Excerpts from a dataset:
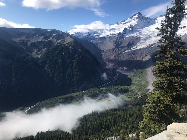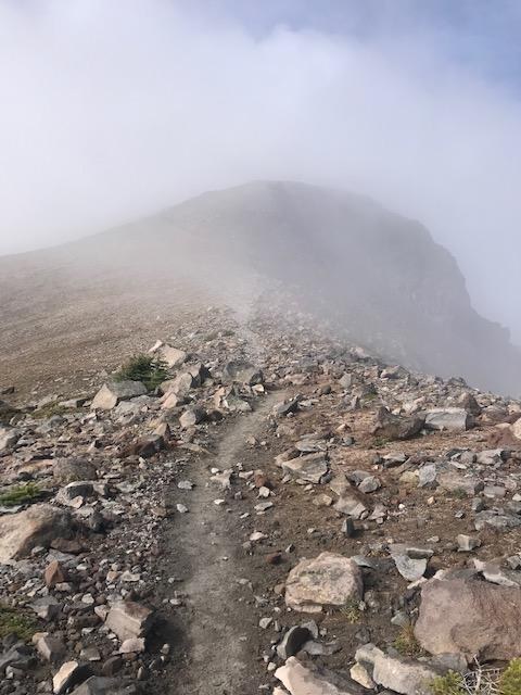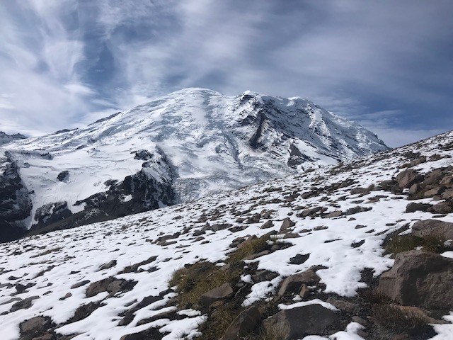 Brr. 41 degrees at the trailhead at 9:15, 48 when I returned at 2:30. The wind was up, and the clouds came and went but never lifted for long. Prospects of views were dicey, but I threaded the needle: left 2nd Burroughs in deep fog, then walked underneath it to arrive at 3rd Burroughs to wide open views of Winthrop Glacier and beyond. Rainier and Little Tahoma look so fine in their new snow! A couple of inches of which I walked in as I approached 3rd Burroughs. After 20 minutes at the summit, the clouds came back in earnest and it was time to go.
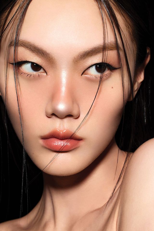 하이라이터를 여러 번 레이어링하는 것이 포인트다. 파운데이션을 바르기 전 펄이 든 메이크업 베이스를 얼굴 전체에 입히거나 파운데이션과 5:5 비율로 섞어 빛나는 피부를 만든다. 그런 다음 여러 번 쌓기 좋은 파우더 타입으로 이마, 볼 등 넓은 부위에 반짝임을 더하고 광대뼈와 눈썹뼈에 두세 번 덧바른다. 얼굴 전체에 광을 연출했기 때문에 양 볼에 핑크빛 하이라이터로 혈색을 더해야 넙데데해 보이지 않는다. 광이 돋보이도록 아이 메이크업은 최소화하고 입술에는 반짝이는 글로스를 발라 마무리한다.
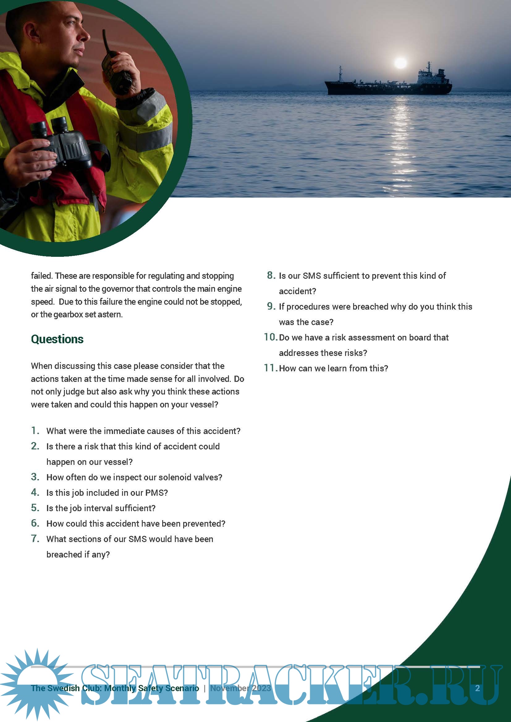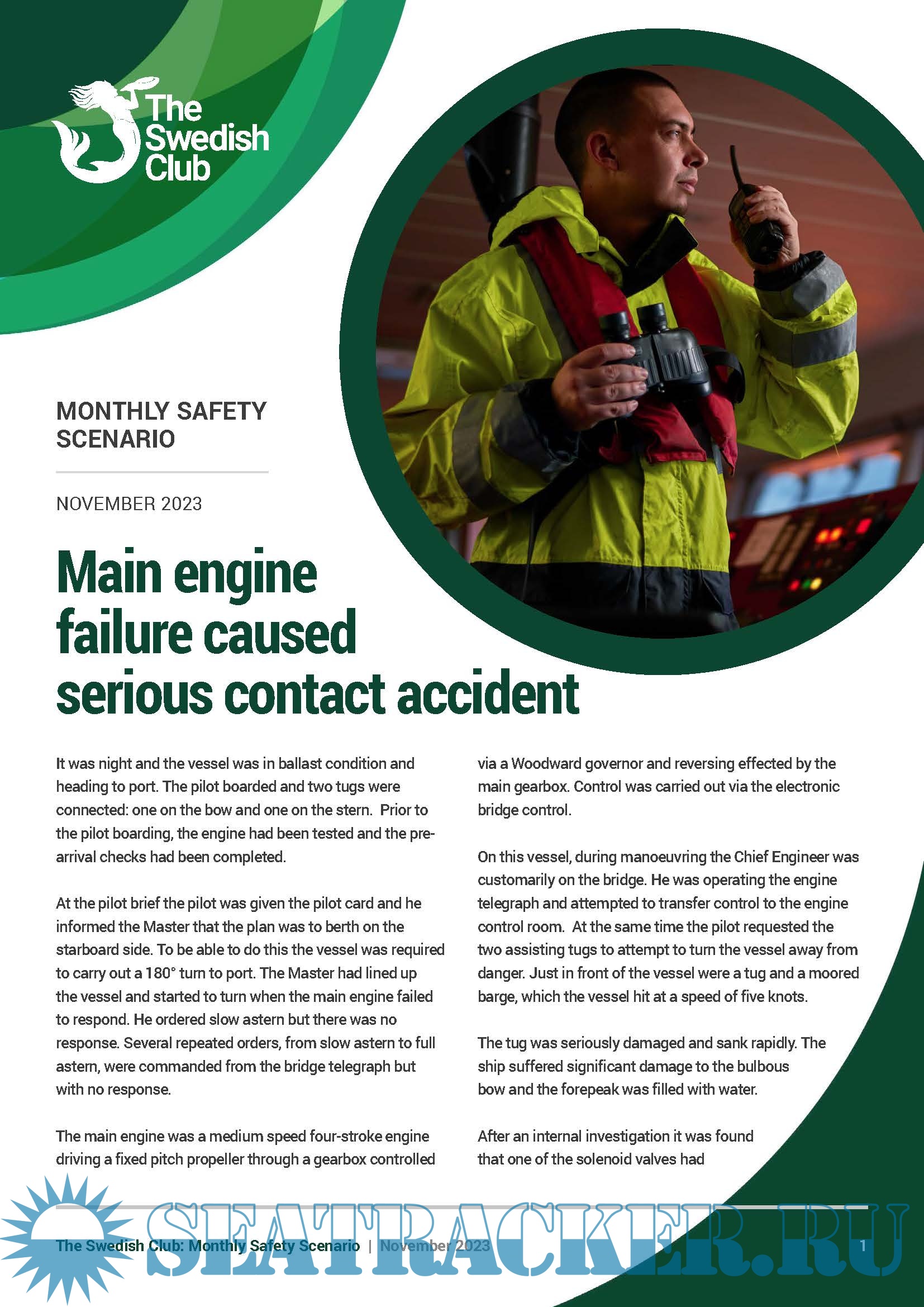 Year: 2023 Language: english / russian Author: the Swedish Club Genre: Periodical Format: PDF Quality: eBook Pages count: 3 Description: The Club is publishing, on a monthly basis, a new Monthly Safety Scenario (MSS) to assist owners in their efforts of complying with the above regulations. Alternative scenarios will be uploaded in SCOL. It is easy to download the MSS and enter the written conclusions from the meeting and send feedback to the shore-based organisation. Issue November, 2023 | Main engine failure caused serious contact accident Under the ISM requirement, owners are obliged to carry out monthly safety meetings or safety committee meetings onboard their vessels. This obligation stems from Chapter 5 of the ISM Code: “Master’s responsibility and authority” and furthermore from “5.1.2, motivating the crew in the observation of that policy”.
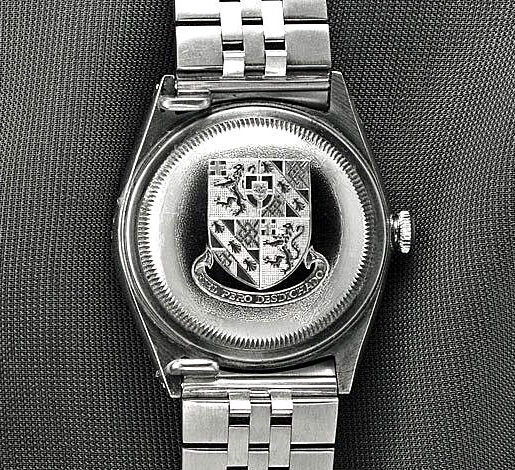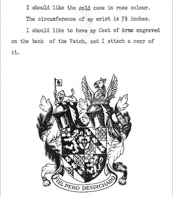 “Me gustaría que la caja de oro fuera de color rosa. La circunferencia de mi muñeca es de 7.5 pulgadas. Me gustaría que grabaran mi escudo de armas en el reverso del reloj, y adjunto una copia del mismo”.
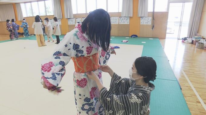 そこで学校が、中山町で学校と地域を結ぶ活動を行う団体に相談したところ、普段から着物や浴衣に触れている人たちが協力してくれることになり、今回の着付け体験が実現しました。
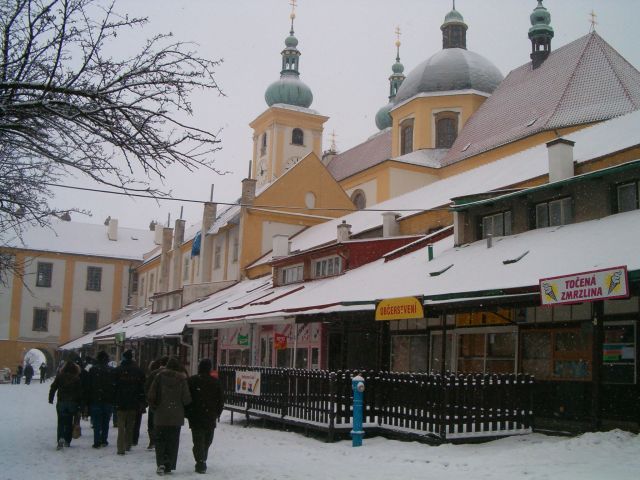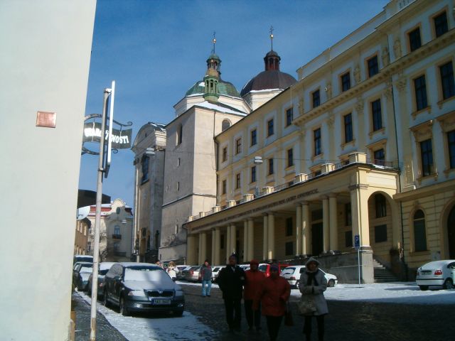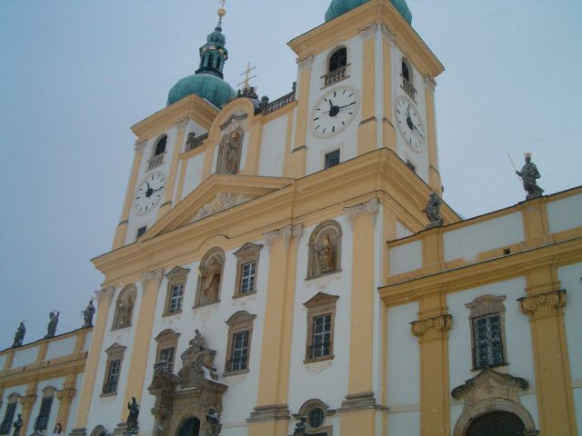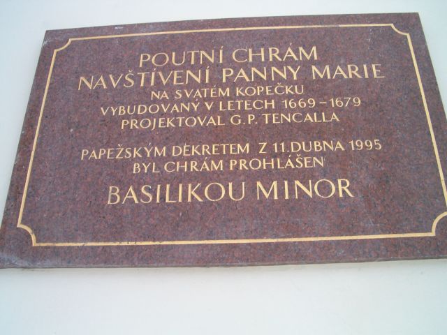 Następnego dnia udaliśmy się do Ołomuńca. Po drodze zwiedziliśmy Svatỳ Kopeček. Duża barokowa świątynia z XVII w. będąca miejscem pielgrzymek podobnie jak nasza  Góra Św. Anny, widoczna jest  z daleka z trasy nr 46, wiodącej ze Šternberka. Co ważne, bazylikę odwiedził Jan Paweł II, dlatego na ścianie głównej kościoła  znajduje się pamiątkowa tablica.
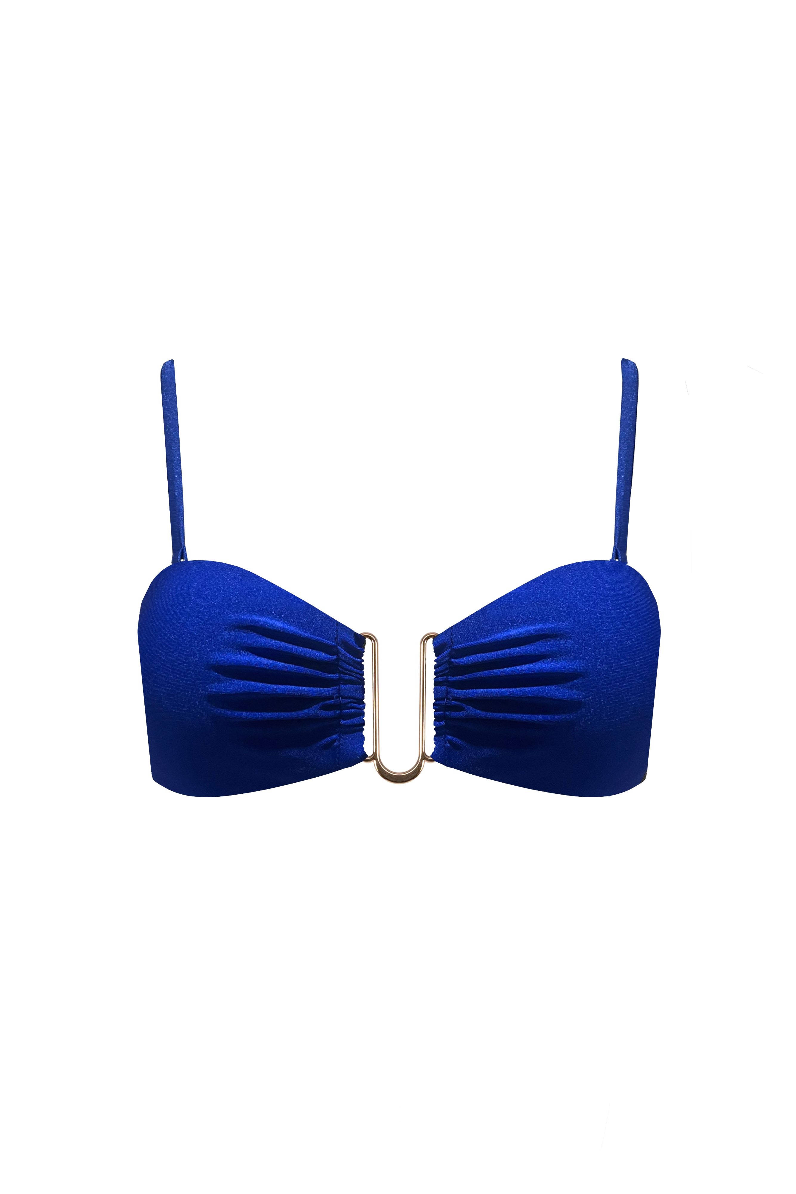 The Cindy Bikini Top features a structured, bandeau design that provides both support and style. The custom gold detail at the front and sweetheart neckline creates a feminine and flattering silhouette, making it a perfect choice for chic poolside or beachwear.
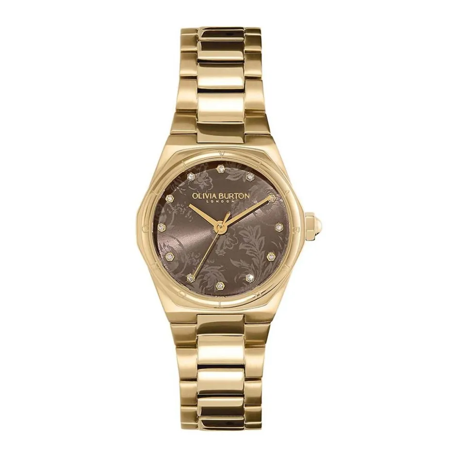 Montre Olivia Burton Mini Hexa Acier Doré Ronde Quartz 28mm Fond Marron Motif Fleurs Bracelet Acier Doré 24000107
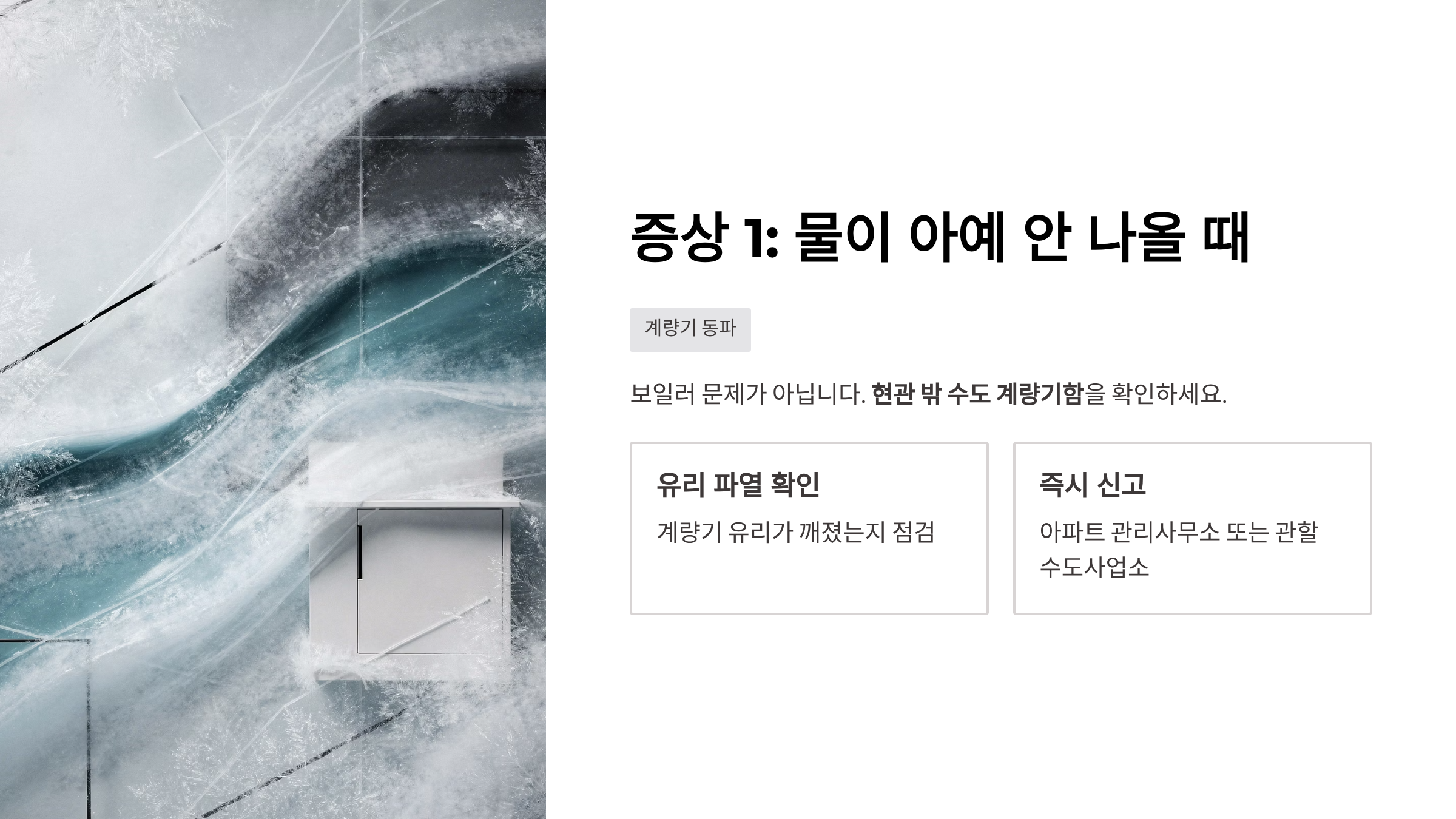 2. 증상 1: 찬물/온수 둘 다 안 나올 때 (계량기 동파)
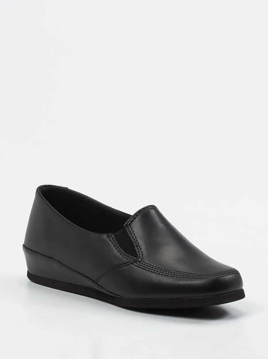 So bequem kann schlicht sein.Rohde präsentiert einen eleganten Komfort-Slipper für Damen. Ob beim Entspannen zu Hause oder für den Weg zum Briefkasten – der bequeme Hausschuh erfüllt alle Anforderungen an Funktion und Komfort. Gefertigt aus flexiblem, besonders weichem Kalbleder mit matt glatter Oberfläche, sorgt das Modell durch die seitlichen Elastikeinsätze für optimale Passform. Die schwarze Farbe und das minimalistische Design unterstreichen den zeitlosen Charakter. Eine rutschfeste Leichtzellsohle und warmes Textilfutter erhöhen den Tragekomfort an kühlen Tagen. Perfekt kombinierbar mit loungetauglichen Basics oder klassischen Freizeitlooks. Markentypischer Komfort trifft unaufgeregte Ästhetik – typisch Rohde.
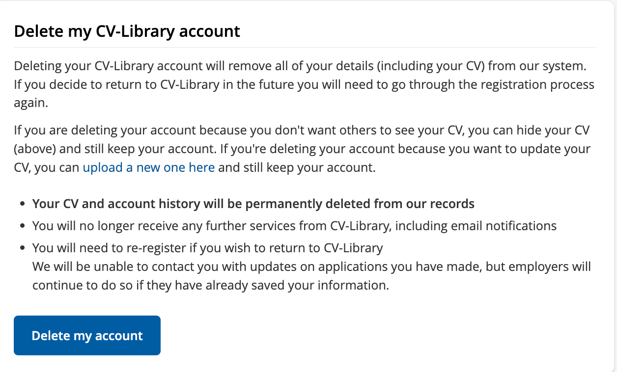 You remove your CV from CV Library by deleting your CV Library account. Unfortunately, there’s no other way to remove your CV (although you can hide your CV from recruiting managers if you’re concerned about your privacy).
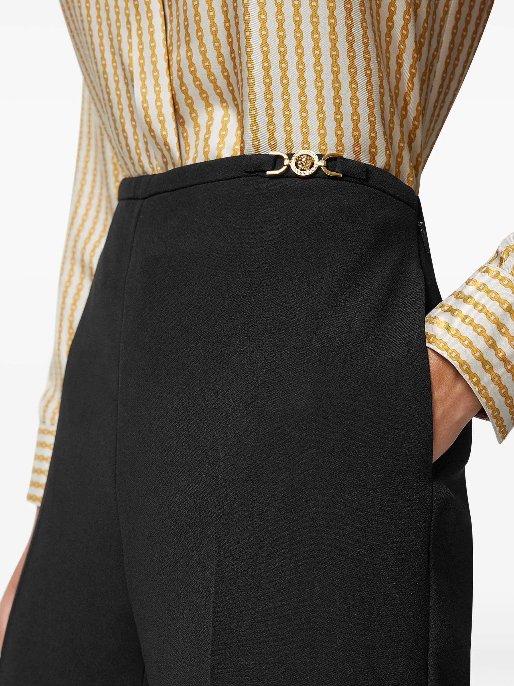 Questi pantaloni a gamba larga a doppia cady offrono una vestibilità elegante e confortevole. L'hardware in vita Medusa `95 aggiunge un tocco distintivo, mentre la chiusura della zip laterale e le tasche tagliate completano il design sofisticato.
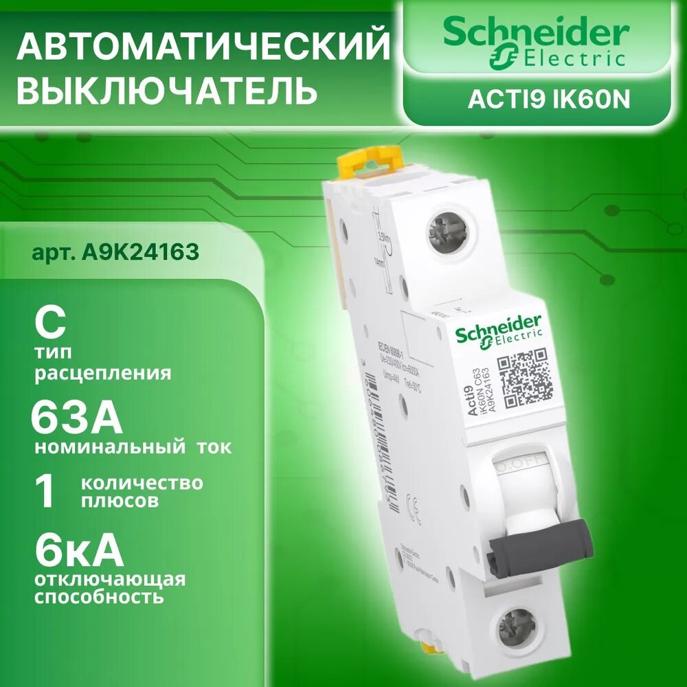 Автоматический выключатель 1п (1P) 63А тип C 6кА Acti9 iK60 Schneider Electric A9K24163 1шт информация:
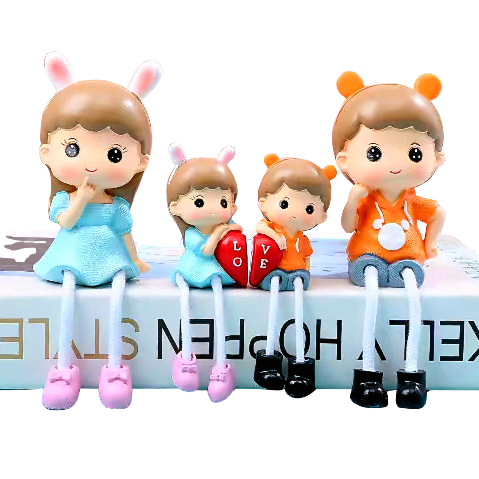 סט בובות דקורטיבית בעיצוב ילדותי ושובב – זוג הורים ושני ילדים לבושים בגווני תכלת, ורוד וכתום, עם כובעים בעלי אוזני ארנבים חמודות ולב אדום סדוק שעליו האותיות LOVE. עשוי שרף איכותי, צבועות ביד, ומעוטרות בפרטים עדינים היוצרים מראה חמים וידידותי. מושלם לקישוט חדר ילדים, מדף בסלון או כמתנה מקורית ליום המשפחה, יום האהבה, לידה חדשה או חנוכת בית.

• Required action: Copy exactly, and only, the lines from the first entry through the line holding "하이라이터를 여러 번", both ends included, leaving out every picture.

• Output:
 Brr. 41 degrees at the trailhead at 9:15, 48 when I returned at 2:30. The wind was up, and the clouds came and went but never lifted for long. Prospects of views were dicey, but I threaded the needle: left 2nd Burroughs in deep fog, then walked underneath it to arrive at 3rd Burroughs to wide open views of Winthrop Glacier and beyond. Rainier and Little Tahoma look so fine in their new snow! A couple of inches of which I walked in as I approached 3rd Burroughs. After 20 minutes at the summit, the clouds came back in earnest and it was time to go.
 하이라이터를 여러 번 레이어링하는 것이 포인트다. 파운데이션을 바르기 전 펄이 든 메이크업 베이스를 얼굴 전체에 입히거나 파운데이션과 5:5 비율로 섞어 빛나는 피부를 만든다. 그런 다음 여러 번 쌓기 좋은 파우더 타입으로 이마, 볼 등 넓은 부위에 반짝임을 더하고 광대뼈와 눈썹뼈에 두세 번 덧바른다. 얼굴 전체에 광을 연출했기 때문에 양 볼에 핑크빛 하이라이터로 혈색을 더해야 넙데데해 보이지 않는다. 광이 돋보이도록 아이 메이크업은 최소화하고 입술에는 반짝이는 글로스를 발라 마무리한다.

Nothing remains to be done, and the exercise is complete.